For many families, Christmas is one of the few times in the year when everyone is under the same roof. The kitchen stays busy, heaters run longer and small businesses work overtime to meet holiday demand. All of that depends on one thing many people only notice when the bill comes: energy.
These costs matter even more for Hispanic households, which already carry higher energy burdens than the national average. American Council for an Energy Efficient Economy (ACEEE) research finds that more than a quarter (28%) of Hispanic households face a high energy burden, meaning they spend over six percent of their income on home energy bills.
At the same time, a growing number of working families fall into the ALICE category (asset limited, income constrained, employed). ALICE data shows that as of 2022, about 42% of U.S. households, roughly 54 million, were below the ALICE threshold. More than half of these Hispanic households (54%) fell into poverty or ALICE status. These families are working, many in essential jobs, but still struggle to cover basics like housing, childcare, food and utilities.
For households already stretched this thin, energy policy is not abstract. It is a line item in the monthly budget.
What the Energy Choice Act Actually Does
The recently introduced Energy Choice Act is designed to prevent states and local governments from banning or limiting access to an energy service based solely on the type or source of energy. If passed, cities could not enact ordinances that effectively block new natural gas connections, or on the other side, block electricity or renewable fuels. The goal is simple: protect the ability of families and businesses to choose the mix of energy that fits their needs and budget.
When Natural Gas Bans Meet Real World Costs
Natural gas bans often start with building codes that prohibit new gas hookups. Berkeley, California became the first U.S. city to pass such a ban in 2019, which blocked natural gas piping in most new buildings. The California Restaurant Association sued and argued that such bans harm restaurants that rely on gas cooking. In 2023, the Ninth Circuit Court of Appeals and Berkeley ultimately settled and began repealing the ban.
For small restaurants, especially those that are Hispanic-owned, this was not a symbolic fight. Commercial kitchens are often built around gas stoves and gas water heating. To force all electric construction can mean higher operating costs and more expensive equipment. Or, even make it impossible to open in the first place.
The same problem shows up at home. Studies of forcing buildings to be all-electric in California and other regions find that retrofitting an existing gas-heated home to fully electric systems can cost thousands of dollars. Southern California Regional Energy Network electrification review shows projects ranging from five thousand to nearly 20 thousand dollars, with some modeled scenarios reaching 28 thousand dollars to replace gas space and water heating with electric alternatives. For ALICE and low-income families, these numbers are far out of reach.
Why Energy Choice Matters Most to Struggling Households
Federal data also shows that natural gas is often the least expensive way to heat a home on a per unit energy basis. A Department of Energy representative cost comparison found residential electricity averaging about $38 to $42 per million Btu versus around $10 to $12 for natural gas. This means electric heat can cost roughly three to four times more per unit of energy before efficiency is even considered.

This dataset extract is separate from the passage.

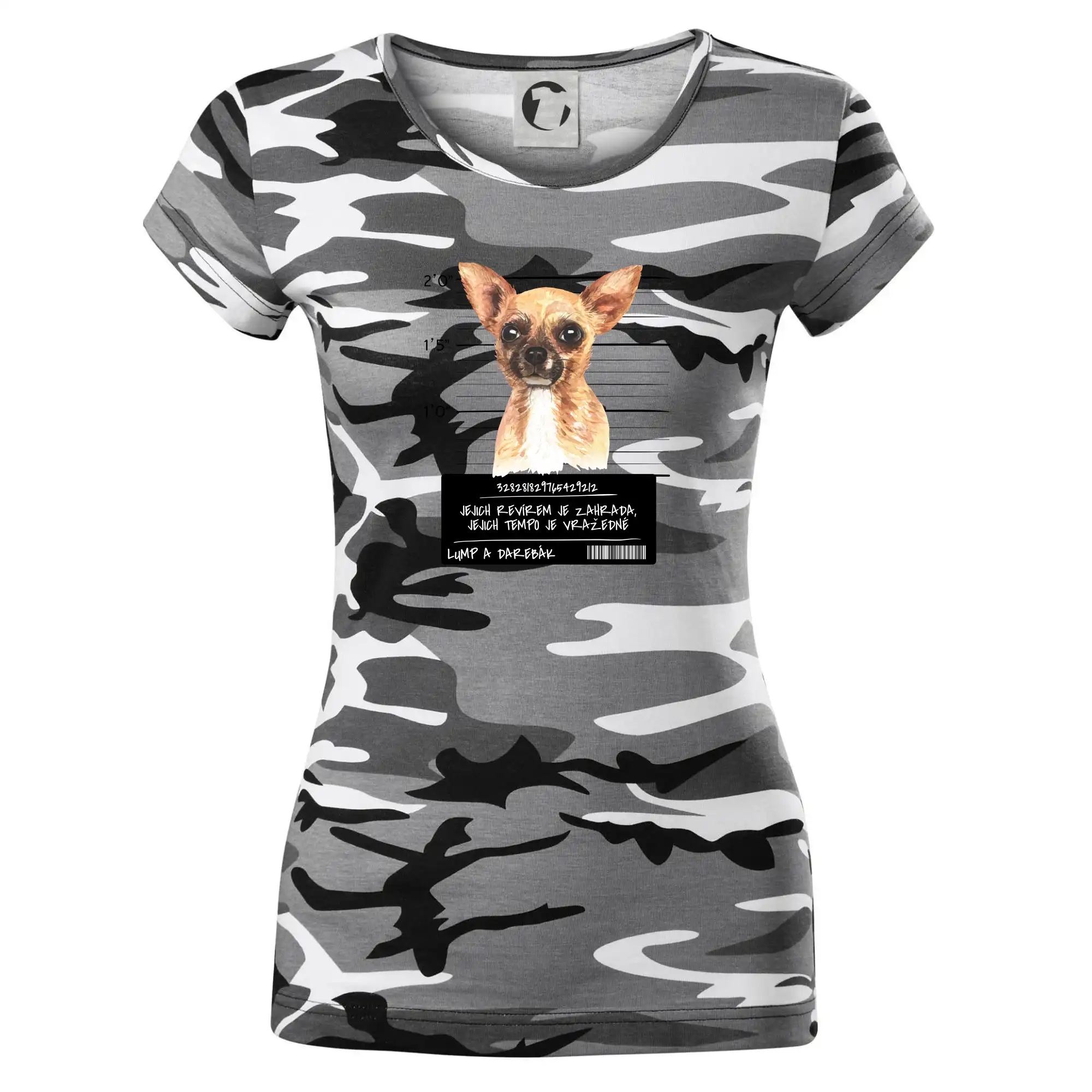 Triko pro pejskaře s nápisem "Jejich revírem je zahrada, jejich tempo je vražedné, lump a darebák". Triko, na kterém je pes čivava, by měl doma mít každý správný pejskař. Triko se psem je vhodný dárek pro pejskaře.
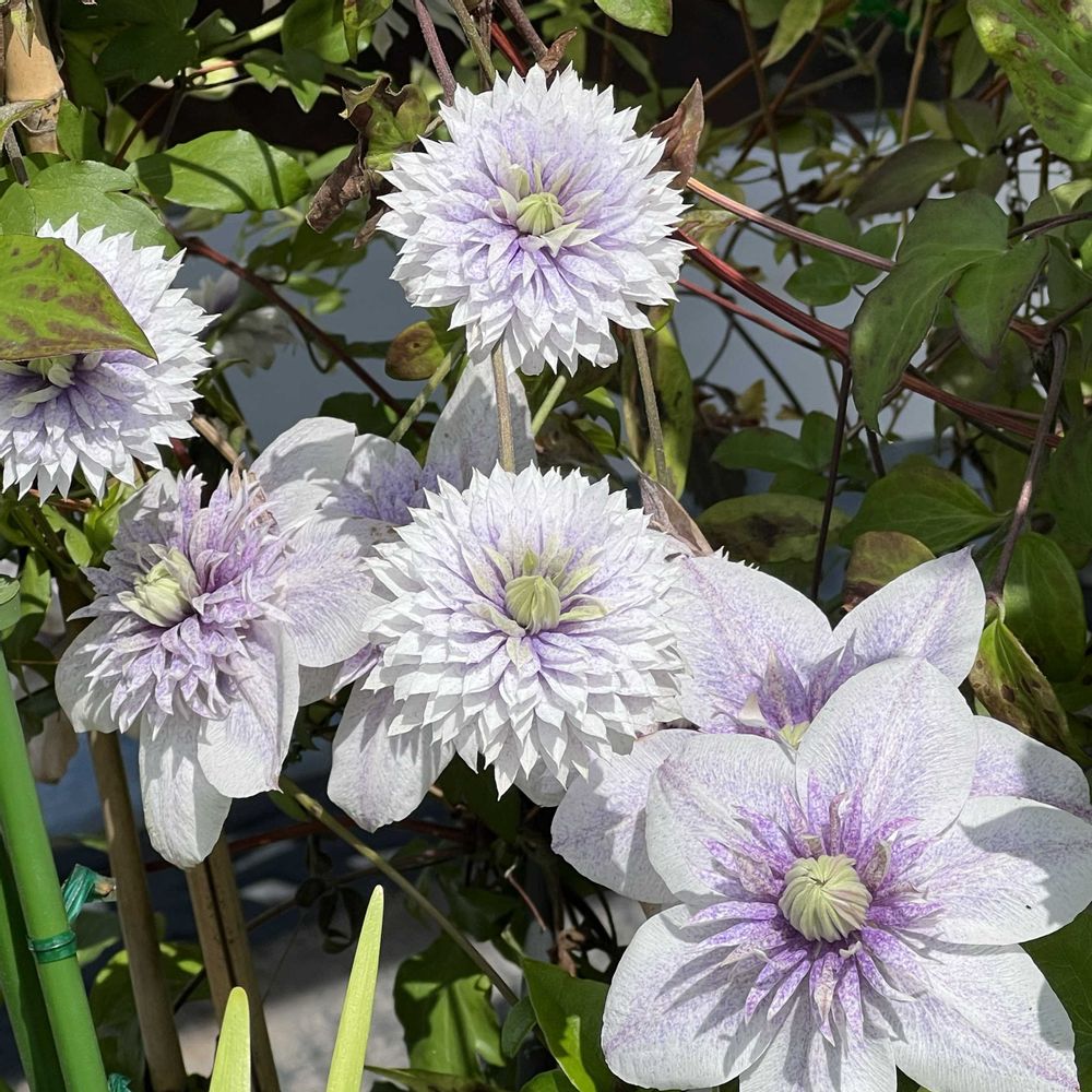 水面の妖精と白万重も、だいぶポンポン咲きにシフトチェンジしてきました😃

The Energy Information Administration reports that about 45 to 46 percent of U.S. homes still rely on natural gas as their primary heating fuel and that households heating with electricity face rising costs in coming winters as electric rates increase, while natural gas heating bills are expected to stay roughly flat.
If policymakers ban new natural gas service, ALICE and Hispanic households end up squeezed twice. They are already more likely to have higher energy burdens and less financial cushion. Energy bans then force them to replace working gas furnaces, stoves or water heaters with new electric systems that can cost thousands of dollars. For small businesses, especially family owned restaurants, the same dynamic can decide whether a new location opens or stays only an idea on paper.
A Christmas Gift That Protects Families’ Options
Energy choice does not mean favoring one technology forever. It means allowing families to adopt new options when they are financially ready, and not because a local code suddenly removed their existing choices. The Energy Choice Act protects the option to use natural gas, but it also protects access to electricity, renewable sources, and future low carbon fuels.
For Hispanic households that already devote a larger share of their income to energy, protecting that choice is not a luxury. Protecting that choice is a guardrail against policies that unintentionally raise bills and retrofit costs at the worst possible time.
This Christmas, as lawmakers debate the future of American energy, keeping choice on the table is one of the most practical gifts they can give. It means a better chance that Hispanic families can afford to heat their homes, run their businesses and keep the lights glowing through the holidays.